On the C++ side, I have a class (meam_wrapper) that contains a configuation of atoms and is also an interface to the Fortran subs. Objects of this class have unique lattice_types, but they can share a meam_type (using a class static variable) because it is not normally necessary to have more than one version of the parameters.

My main function contains essentially this:

#pragma omp parallel

{

meam_wrapper *mw_ptr = new meam_wrapper(some initializing info)

double energy = mw_ptr->calc_energy()

delete mw_ptr;

}

Within meam_wrapper::calc_energy, I have a call to the fortran sub compute_eam_forces(lattice, potential, results)
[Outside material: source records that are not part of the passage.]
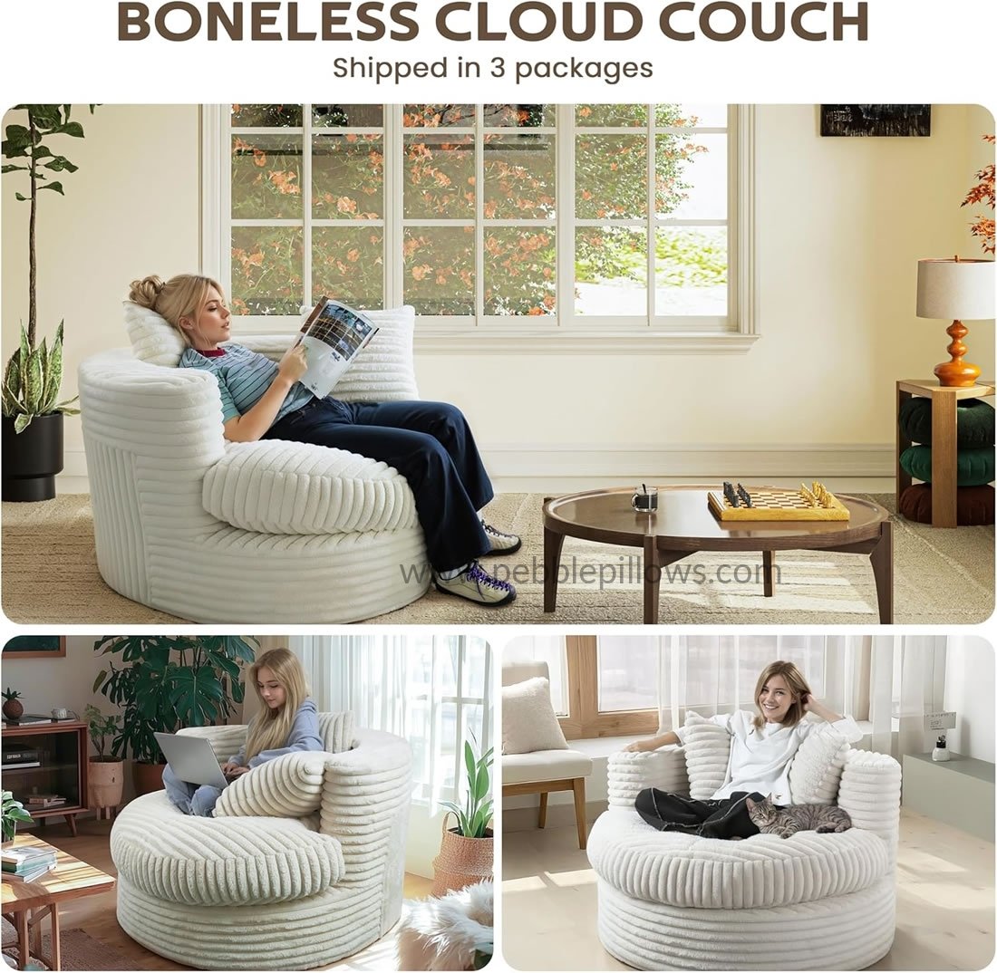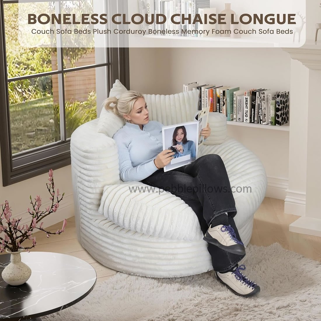 Ultra Comfy Round Chaise Lounge Chair for Adults, Plush Bean Bag Sofa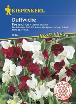 Tiefrote und weiße Blüten mit süßem Wickenduft bilden ein attraktives Duett an Zäunen, Gittern oder als Schnittblume in der Vase.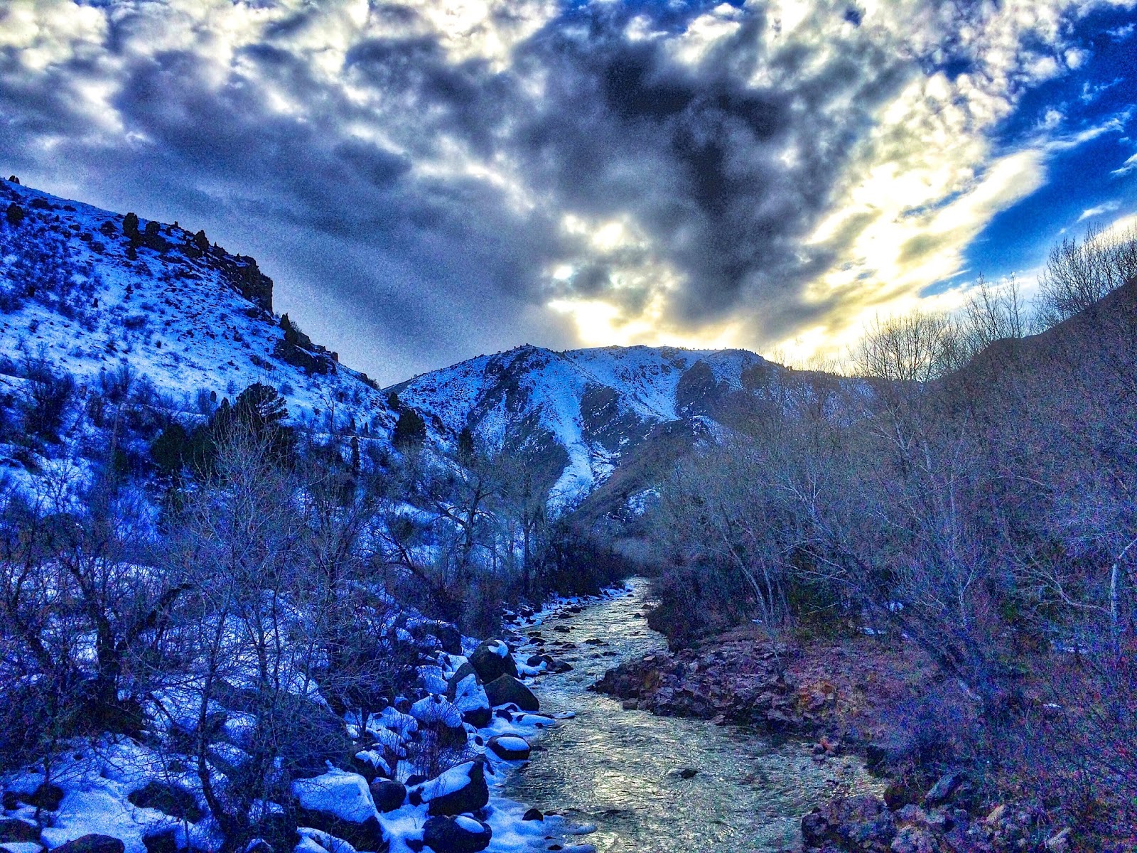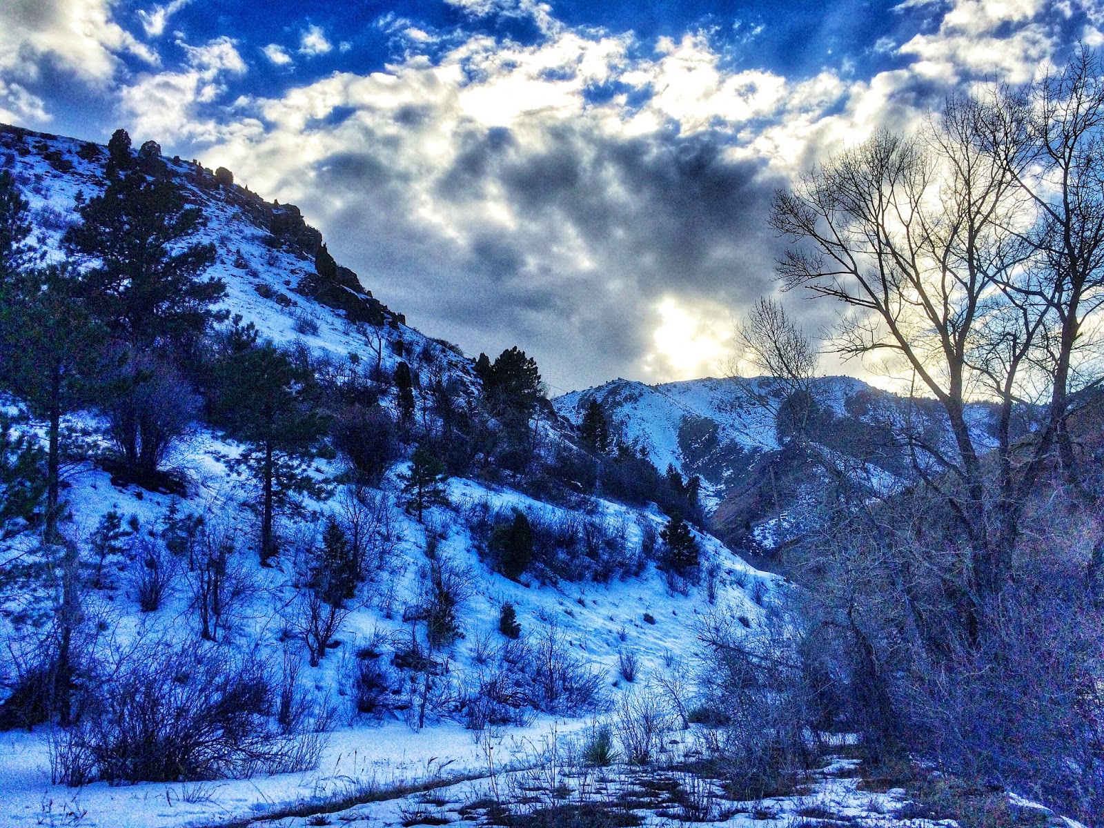Packed with deep snow, the canyon trail is mired in an eternal shadow. Backlit beneath billowy clouds, the blue mountains remain anything but glum. A cheerful spirit permeates the entire landscape.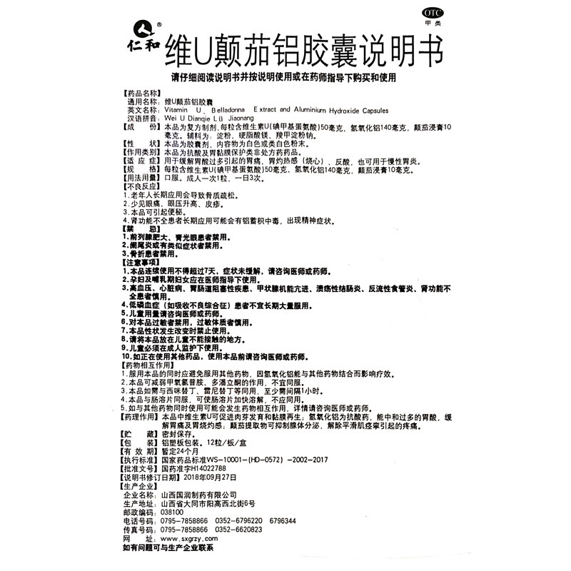 仁和 Victoria U BindStab Алюминиевая капсула 12 капсул/ящик для снятия хронического гастрита DS OTC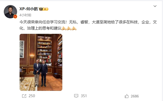 小鹏汽车董事长何小鹏12日在社交平台发布了一张与任正非的合照,他表示:“今天很荣幸向任总学习交流!无私,睿智,大道至简地给了很多在科技,企业,文化,治理上的思考和建议。”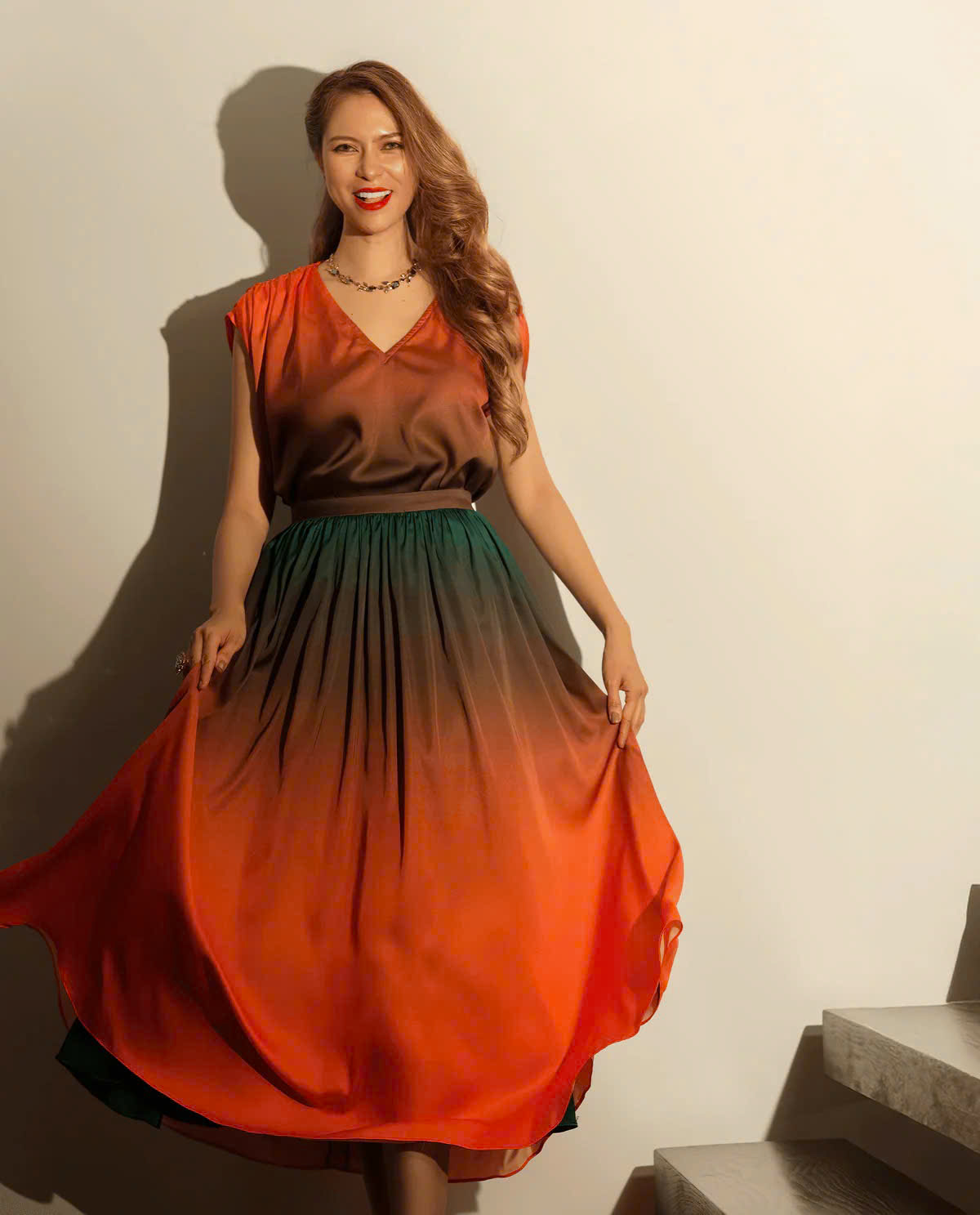 Chất liệu chính: Polyester, xuất xứ Trung Quốc Trong một buổi chiều khi ánh nắng dần lịm xuống nơi sườn đồi, tôi đã khoác lên không gian sắc màu của cảm xúc chiều tà. Bộ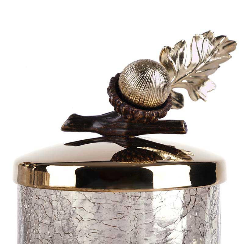 ابعاد : 10*10 ارتفاع : 16 وزن : 809 جنس : شیشه آبگز رنگ : شاخه قهوه ای – شیشه شامپاینی – درب طلایی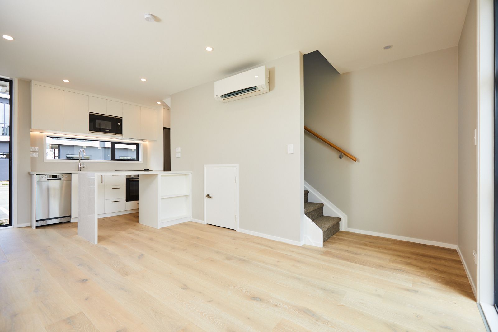 Furnished with microwave, dishwasher, fridge-freezer, oven, induction hob, extractor hood, laundry appliances and heat pump.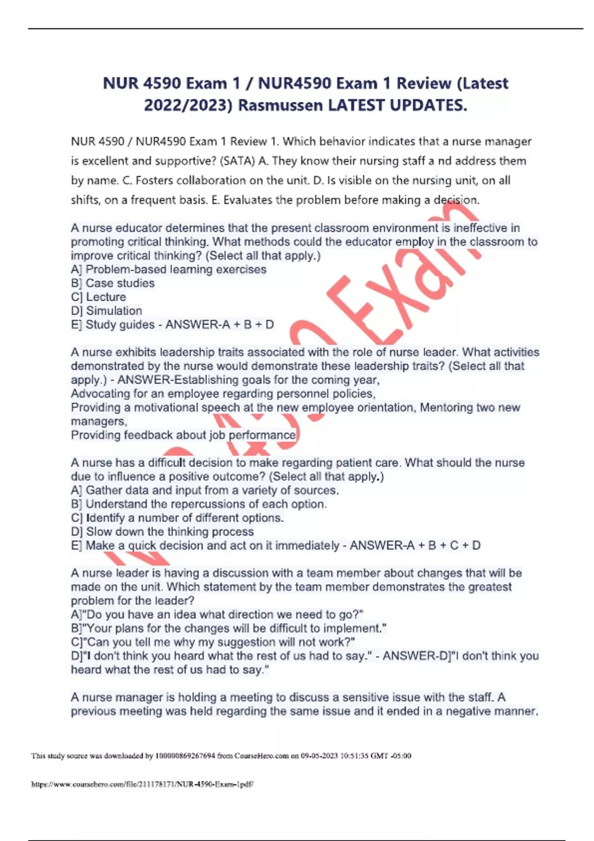 Nur 4590 exam 1 nur4590 exam 1 review latest rasmussen latest updates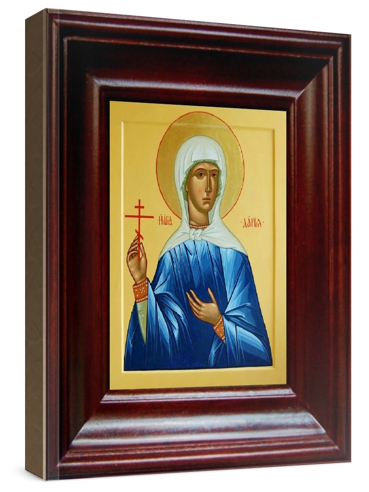 Икона дария римская (21х24), простой киот. Икона выполняется на заказ. Срок изготовления - 2-5 дней. Лик нанесен методом шелкографии на цельную липовую доску, покрытую левкасом (специальным грунтом под живопись). Использованы минеральные (природные) краски. Размер иконы без киота (см): 13х16, с киотом: 21х24. Киот (рамка) выполнен из березы. Икона освящена.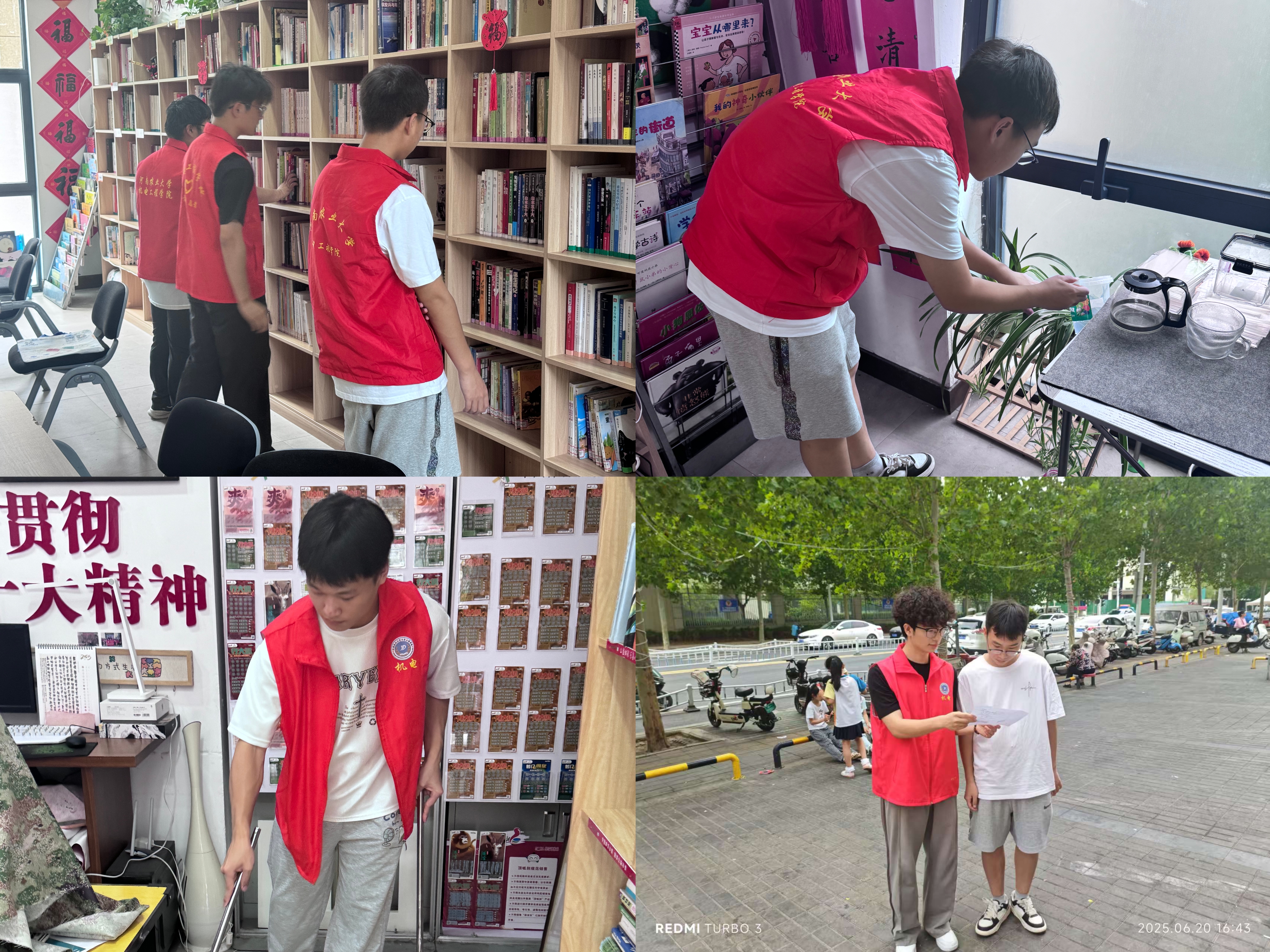 刘峥同学回顾实践,满是触动:“整理书架时,指尖摩挲旧书的纹理,像是与无数求知者的过往对话,那些书页里的折痕、笔记,藏着太多对知识的渴望。街头宣讲起初紧张到声音发颤,可看到路人停下脚步、露出认可的眼神,又慢慢从容起来。这次实践,让我想把这种温暖延续,多做实事 。”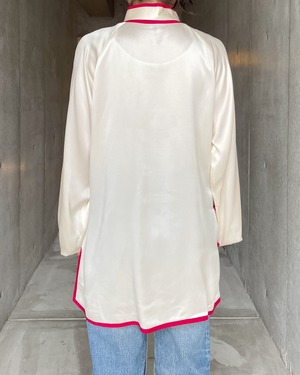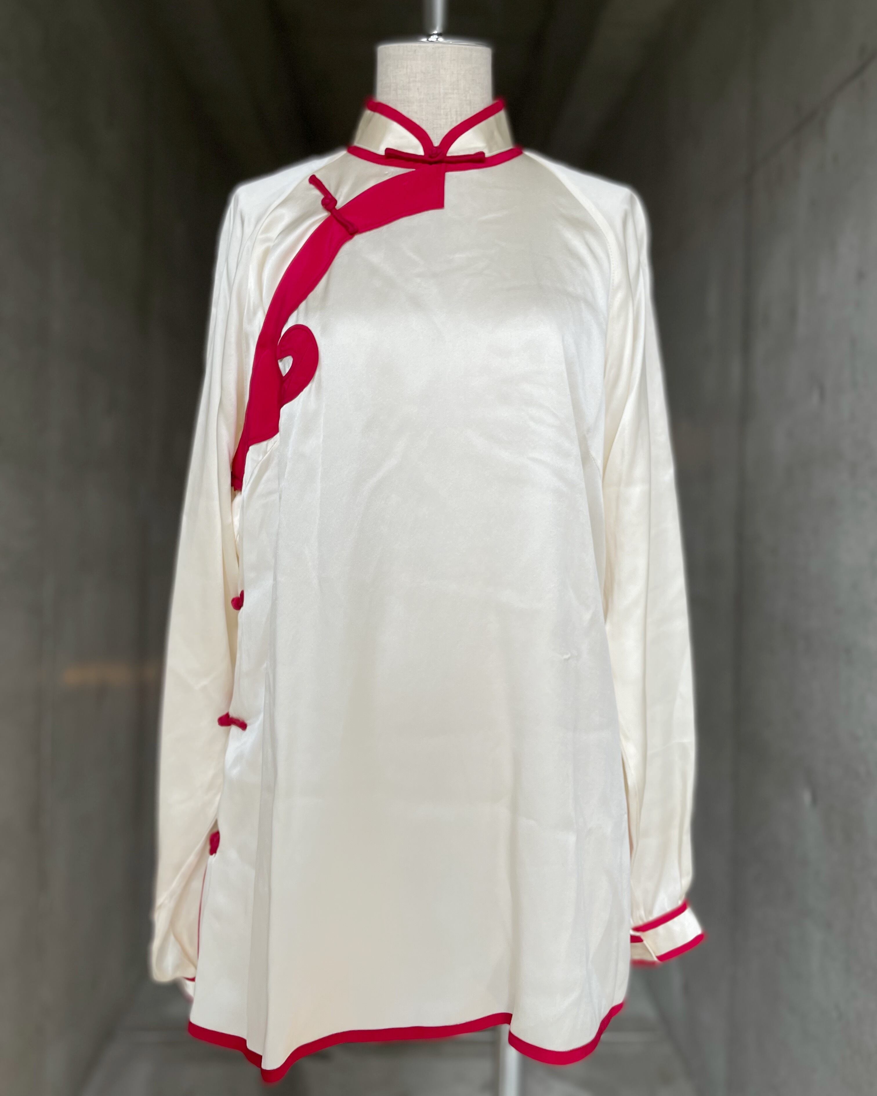 〜80年代頃までのシルクは素材自体の質も良く、滑らかな肌触りが特徴的で染色が施されていないシルク特有のアイボリーカラーに赤のパイピングのみとチャイナシャツの中でもシンプルなデザインで着やすいのもポイントです。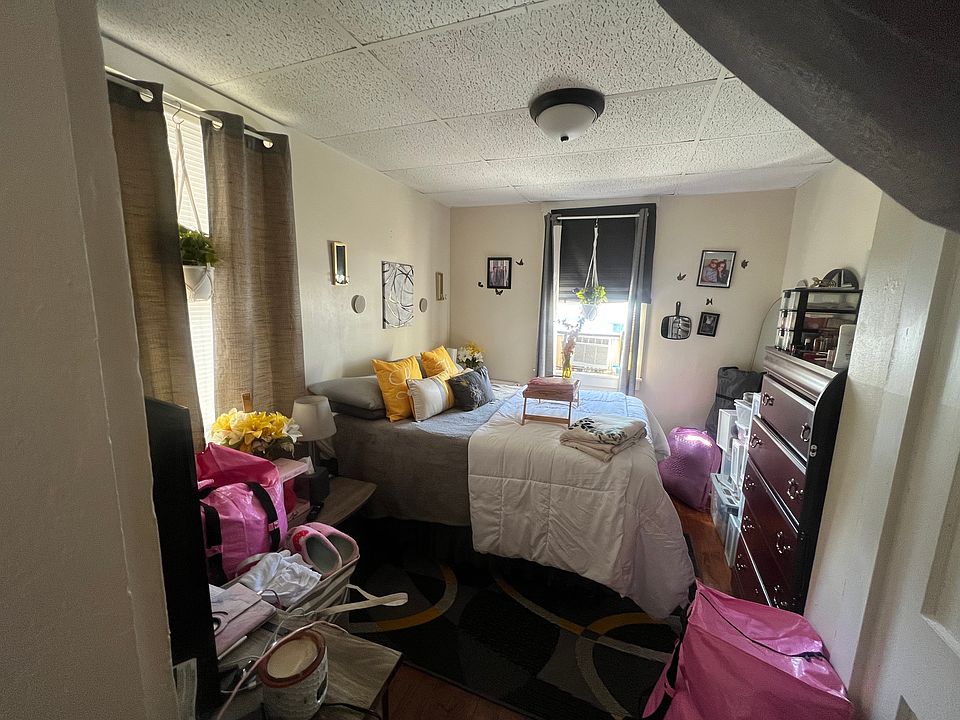 Recently renovated, hard wood floor, quiet second floor rear apartment with a small balcony and private entrance.

Where lattice, potential, and results are C structures that mimic the Fortran user defined types.

The call that causes the segfault is within Compute_EAM_Forces. It's to a sub called Update_List. Its arguments are two user-defined types, lattice and potential. They are two of the very same objects that are passed into compute_eam_forces.

That's pretty much how it works.

Here's what I've observed.

As I said, when I run this code with OMP_NUM_THREADS=1, everything is fine. With two threads, things are more interesting. At first, I noticed that sometimes one thread was able to successfully calculate the energy before the segfault. The second thread always failed. So, I enclosed the energy calculation in a critical section and added a statement to output omp_get_thread_num. It appears that when Thread 0 is the first to execute the critical section, it succeeds, then Thread 1 causes a segfault. However, when Thread 1 is the first to execute the critical section, it never succeeds. I only know this through observing the output, but I've run the code dozens of times, and this is always the result, without exception.

Rostin,

Is the "main" a C++ function or a Fortran PROGRAM? The reason this is important is the C++ compiler and runtime system,and the Fortran compiler and runtime system may be using different OpenMP libraries. If so then it is recommended that only one of the languages contain (control)the OpenMP directives. The other portion can be called by the multiple threads provided the code is thread safe. Any OpenMP synchronization should pass through the language in control of the OpenMP directives. This is cautionary (may in statement above) because mixing languages from the same vendor may or may not use the same OpenMP libraries, you will have to check the documentation as to compatibility issues.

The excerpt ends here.